GIVEN DATA:
-- -- --
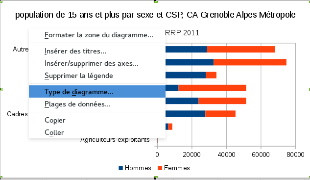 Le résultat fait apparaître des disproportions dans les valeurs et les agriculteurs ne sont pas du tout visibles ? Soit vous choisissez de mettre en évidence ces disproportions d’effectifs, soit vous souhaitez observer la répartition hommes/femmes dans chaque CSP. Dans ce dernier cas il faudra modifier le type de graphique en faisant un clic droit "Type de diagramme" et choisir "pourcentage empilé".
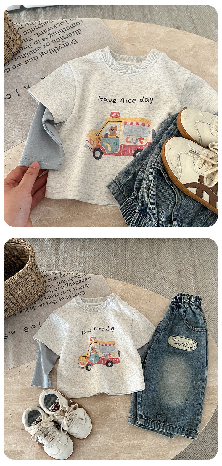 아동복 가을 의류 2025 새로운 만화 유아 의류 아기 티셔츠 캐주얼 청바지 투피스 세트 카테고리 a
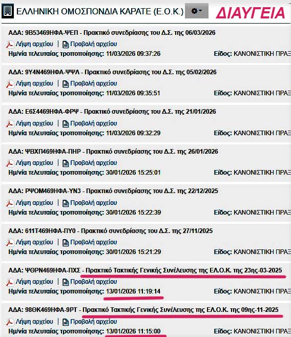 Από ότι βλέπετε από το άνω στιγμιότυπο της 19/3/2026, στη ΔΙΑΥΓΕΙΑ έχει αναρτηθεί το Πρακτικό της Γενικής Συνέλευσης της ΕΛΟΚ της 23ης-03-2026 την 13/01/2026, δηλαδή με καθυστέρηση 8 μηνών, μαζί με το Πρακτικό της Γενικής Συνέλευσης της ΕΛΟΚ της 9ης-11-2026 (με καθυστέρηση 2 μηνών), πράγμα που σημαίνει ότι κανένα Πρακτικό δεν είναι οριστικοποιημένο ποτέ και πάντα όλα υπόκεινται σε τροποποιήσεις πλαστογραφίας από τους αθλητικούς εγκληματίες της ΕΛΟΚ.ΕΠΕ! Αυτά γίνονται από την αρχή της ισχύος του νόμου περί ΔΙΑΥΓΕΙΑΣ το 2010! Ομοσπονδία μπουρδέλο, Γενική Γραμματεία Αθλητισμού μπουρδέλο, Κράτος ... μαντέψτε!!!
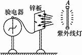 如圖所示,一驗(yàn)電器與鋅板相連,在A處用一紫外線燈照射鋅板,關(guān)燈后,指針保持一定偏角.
-- -- --
ABOUT THIS TASK: The complete listing must be transcribed verbatim, and all pictures are to be omitted.

SOLUTION BELOW:
 Le résultat fait apparaître des disproportions dans les valeurs et les agriculteurs ne sont pas du tout visibles ? Soit vous choisissez de mettre en évidence ces disproportions d’effectifs, soit vous souhaitez observer la répartition hommes/femmes dans chaque CSP. Dans ce dernier cas il faudra modifier le type de graphique en faisant un clic droit "Type de diagramme" et choisir "pourcentage empilé".
 아동복 가을 의류 2025 새로운 만화 유아 의류 아기 티셔츠 캐주얼 청바지 투피스 세트 카테고리 a
 Από ότι βλέπετε από το άνω στιγμιότυπο της 19/3/2026, στη ΔΙΑΥΓΕΙΑ έχει αναρτηθεί το Πρακτικό της Γενικής Συνέλευσης της ΕΛΟΚ της 23ης-03-2026 την 13/01/2026, δηλαδή με καθυστέρηση 8 μηνών, μαζί με το Πρακτικό της Γενικής Συνέλευσης της ΕΛΟΚ της 9ης-11-2026 (με καθυστέρηση 2 μηνών), πράγμα που σημαίνει ότι κανένα Πρακτικό δεν είναι οριστικοποιημένο ποτέ και πάντα όλα υπόκεινται σε τροποποιήσεις πλαστογραφίας από τους αθλητικούς εγκληματίες της ΕΛΟΚ.ΕΠΕ! Αυτά γίνονται από την αρχή της ισχύος του νόμου περί ΔΙΑΥΓΕΙΑΣ το 2010! Ομοσπονδία μπουρδέλο, Γενική Γραμματεία Αθλητισμού μπουρδέλο, Κράτος ... μαντέψτε!!!
 如圖所示,一驗(yàn)電器與鋅板相連,在A處用一紫外線燈照射鋅板,關(guān)燈后,指針保持一定偏角.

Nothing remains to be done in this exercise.